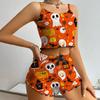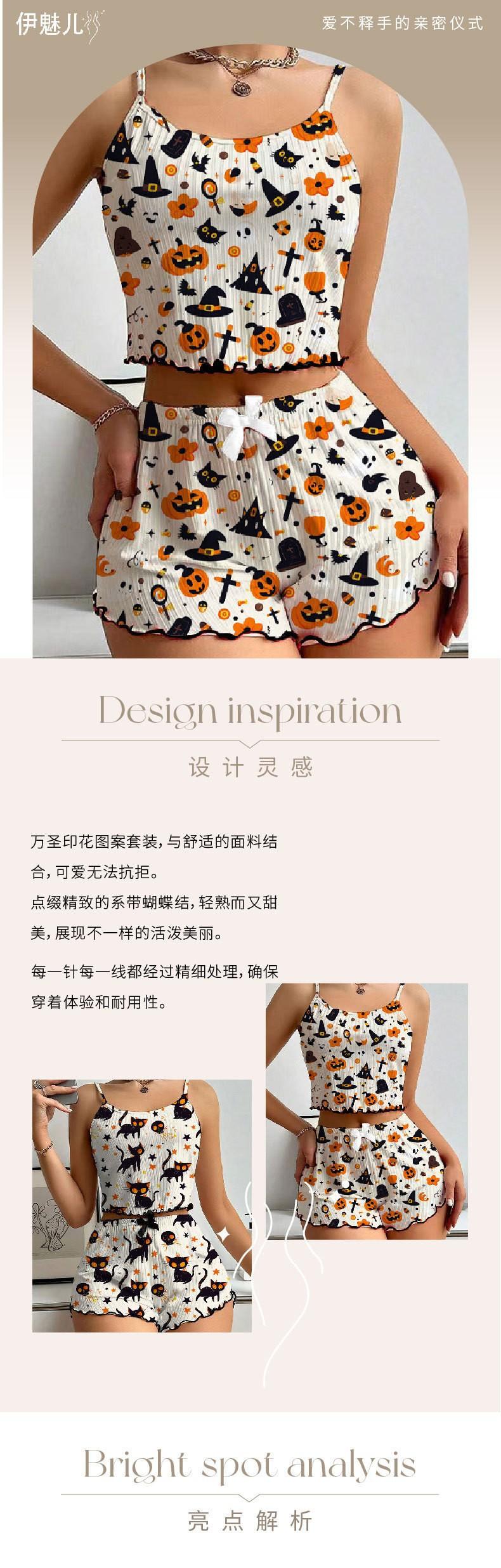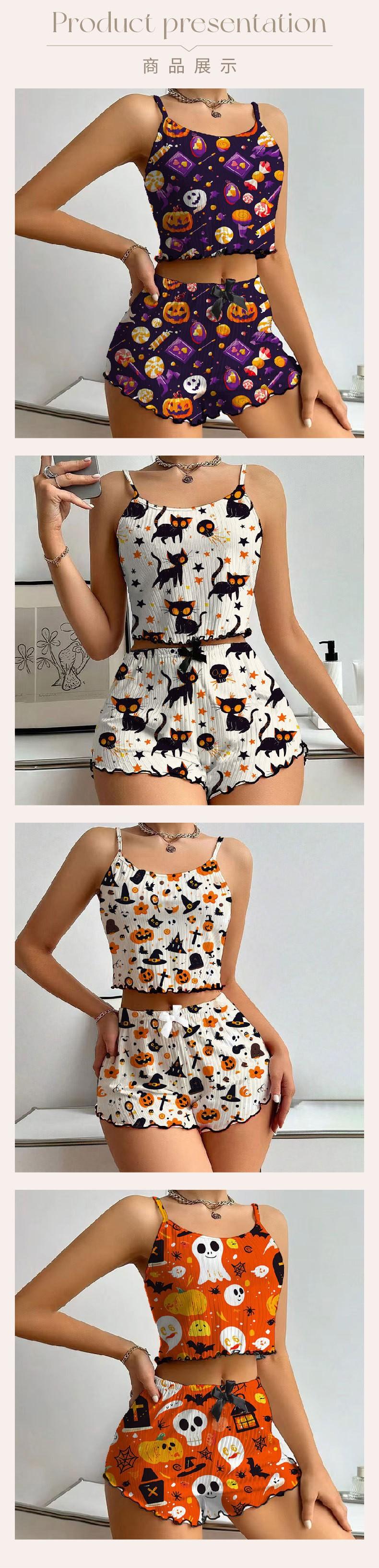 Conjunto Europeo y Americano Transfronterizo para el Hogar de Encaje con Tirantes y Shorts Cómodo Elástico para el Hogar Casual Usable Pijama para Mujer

....

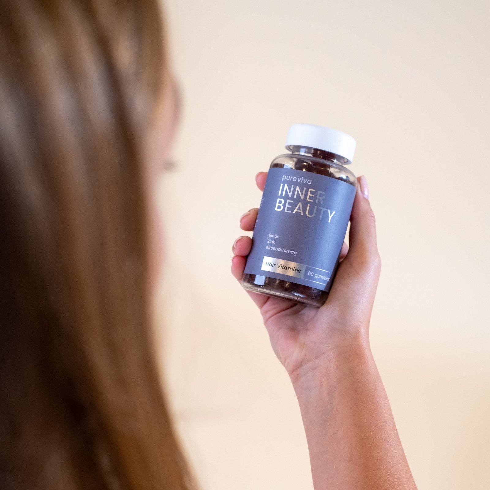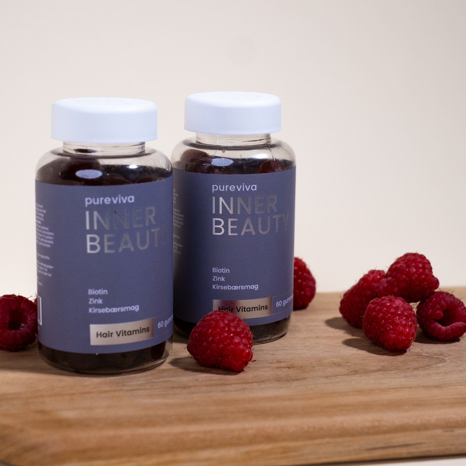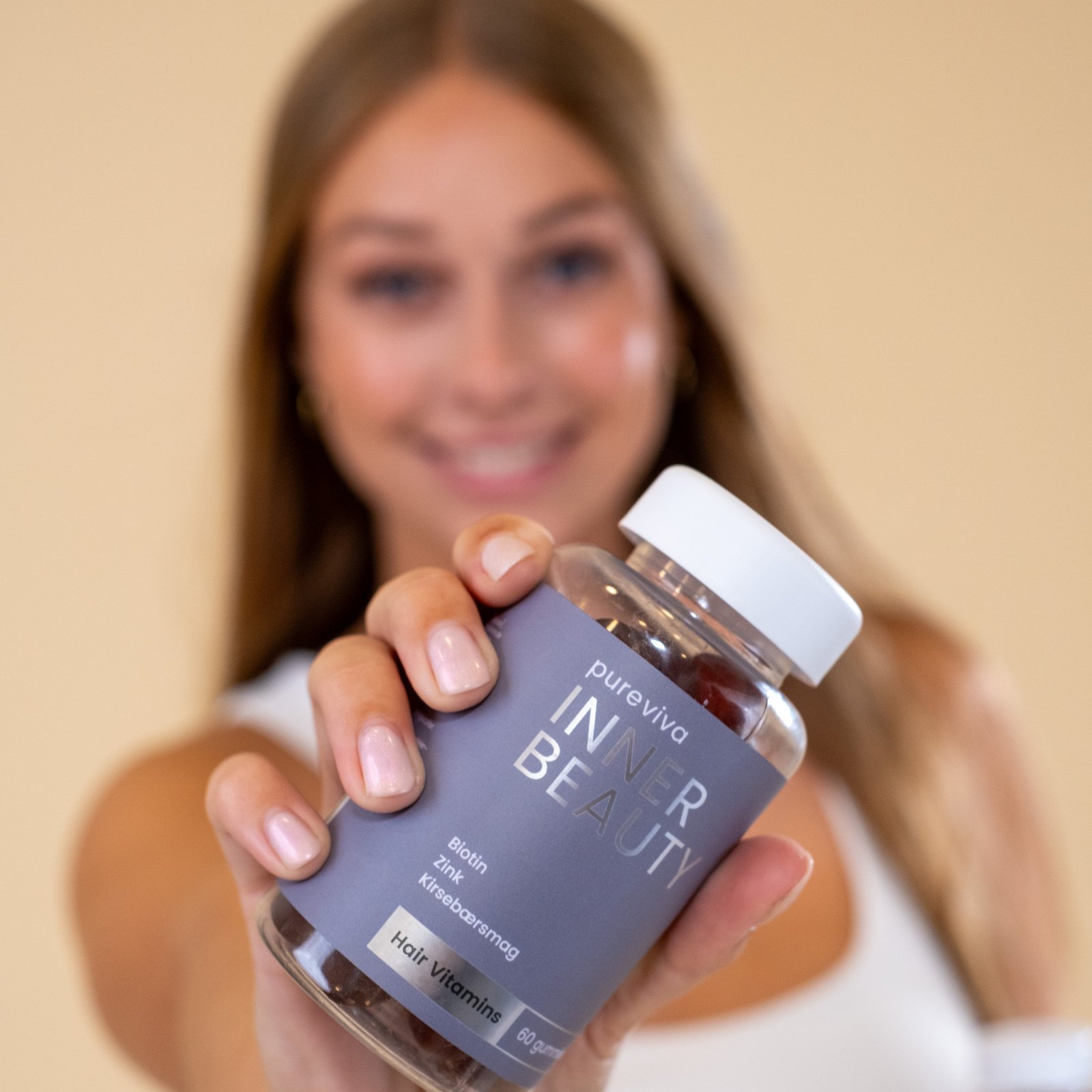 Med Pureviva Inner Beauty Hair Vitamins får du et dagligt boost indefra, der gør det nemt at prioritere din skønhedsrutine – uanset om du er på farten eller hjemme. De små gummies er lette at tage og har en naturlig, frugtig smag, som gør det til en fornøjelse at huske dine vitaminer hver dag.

....

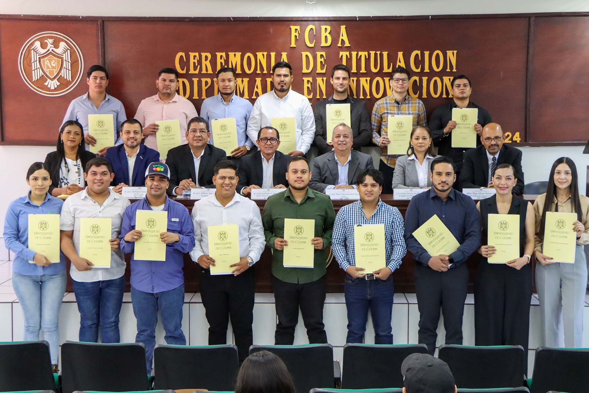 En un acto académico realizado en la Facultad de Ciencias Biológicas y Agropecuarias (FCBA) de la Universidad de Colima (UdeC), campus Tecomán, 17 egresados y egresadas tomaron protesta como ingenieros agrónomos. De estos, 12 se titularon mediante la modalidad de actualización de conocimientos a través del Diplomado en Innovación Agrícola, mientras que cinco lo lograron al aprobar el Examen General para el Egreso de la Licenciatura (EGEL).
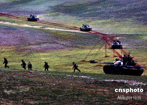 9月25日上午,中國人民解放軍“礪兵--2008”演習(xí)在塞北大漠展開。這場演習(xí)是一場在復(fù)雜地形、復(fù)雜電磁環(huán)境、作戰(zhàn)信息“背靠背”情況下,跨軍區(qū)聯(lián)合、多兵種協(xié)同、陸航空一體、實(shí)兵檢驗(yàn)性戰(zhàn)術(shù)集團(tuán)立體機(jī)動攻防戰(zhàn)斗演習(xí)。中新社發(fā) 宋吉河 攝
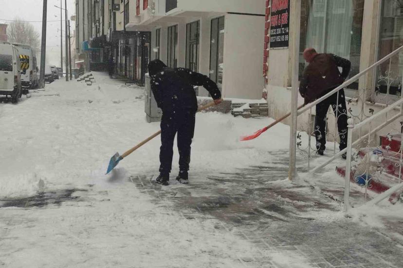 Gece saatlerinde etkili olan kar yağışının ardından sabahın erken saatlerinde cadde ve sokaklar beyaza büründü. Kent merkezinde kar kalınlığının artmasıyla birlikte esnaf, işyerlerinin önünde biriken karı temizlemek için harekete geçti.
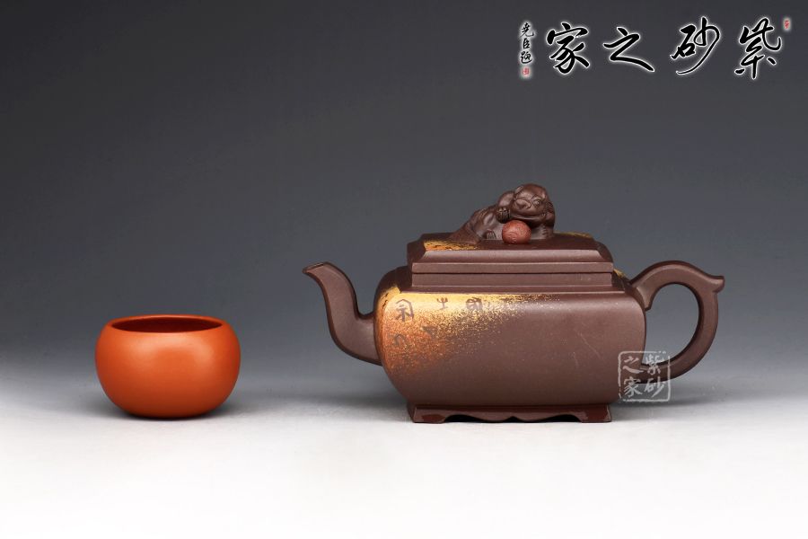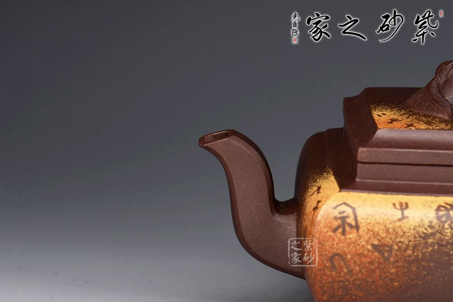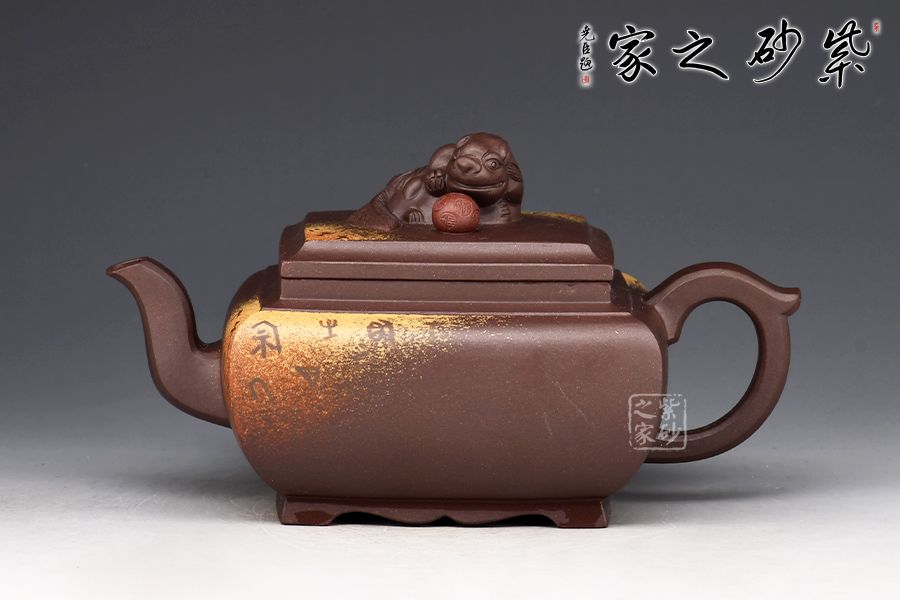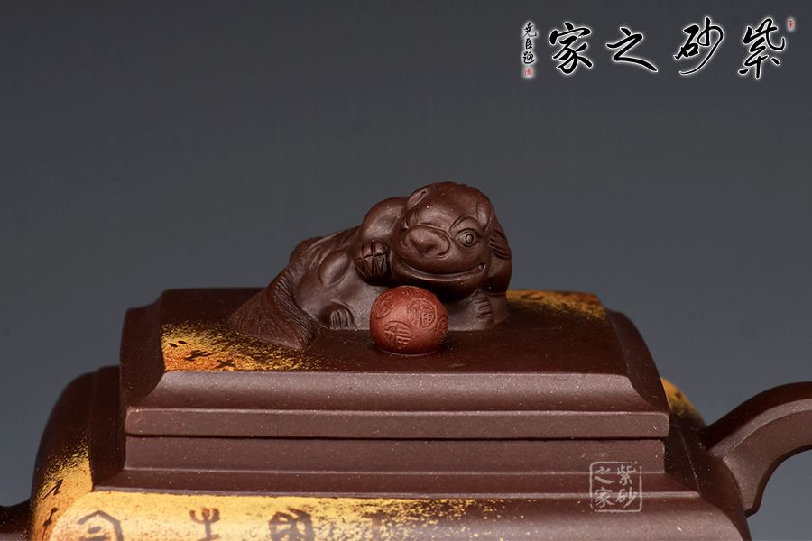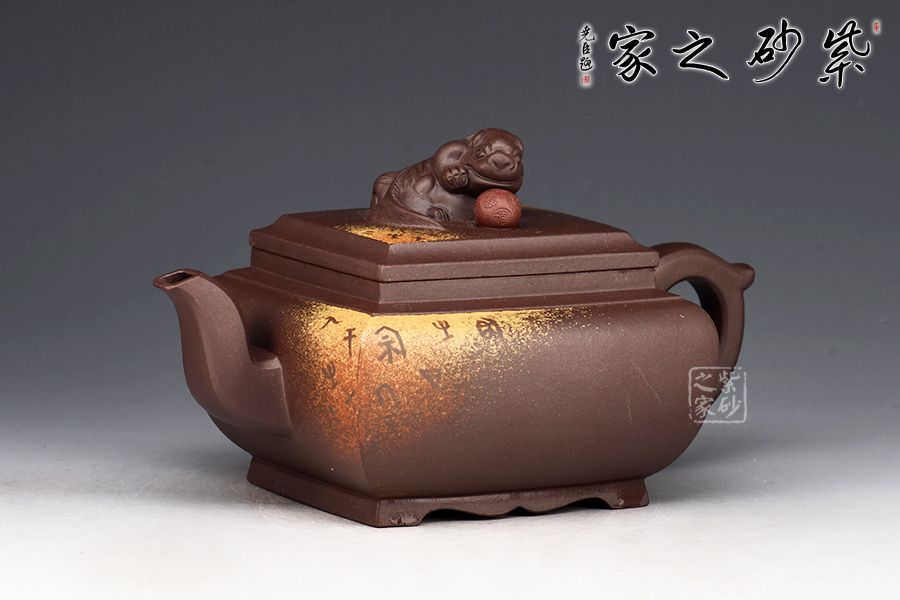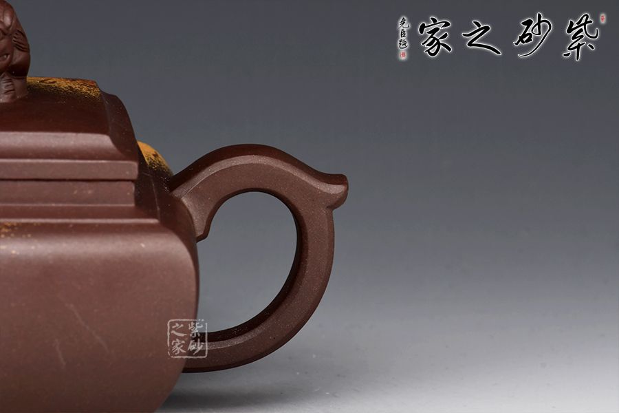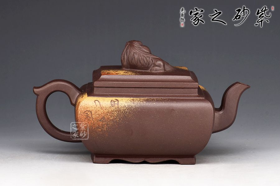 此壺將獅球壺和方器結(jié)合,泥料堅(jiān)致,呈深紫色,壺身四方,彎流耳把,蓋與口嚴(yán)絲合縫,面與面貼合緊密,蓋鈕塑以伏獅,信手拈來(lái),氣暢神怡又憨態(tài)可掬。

....

> WORK ITEM: Leaving pictures out, output the lines of the data above from the one with "Gece saatlerinde etkili" through the one with "此壺將獅球壺和方器結(jié", word for word.

> REPLY:
 Gece saatlerinde etkili olan kar yağışının ardından sabahın erken saatlerinde cadde ve sokaklar beyaza büründü. Kent merkezinde kar kalınlığının artmasıyla birlikte esnaf, işyerlerinin önünde biriken karı temizlemek için harekete geçti.
 此壺將獅球壺和方器結(jié)合,泥料堅(jiān)致,呈深紫色,壺身四方,彎流耳把,蓋與口嚴(yán)絲合縫,面與面貼合緊密,蓋鈕塑以伏獅,信手拈來(lái),氣暢神怡又憨態(tài)可掬。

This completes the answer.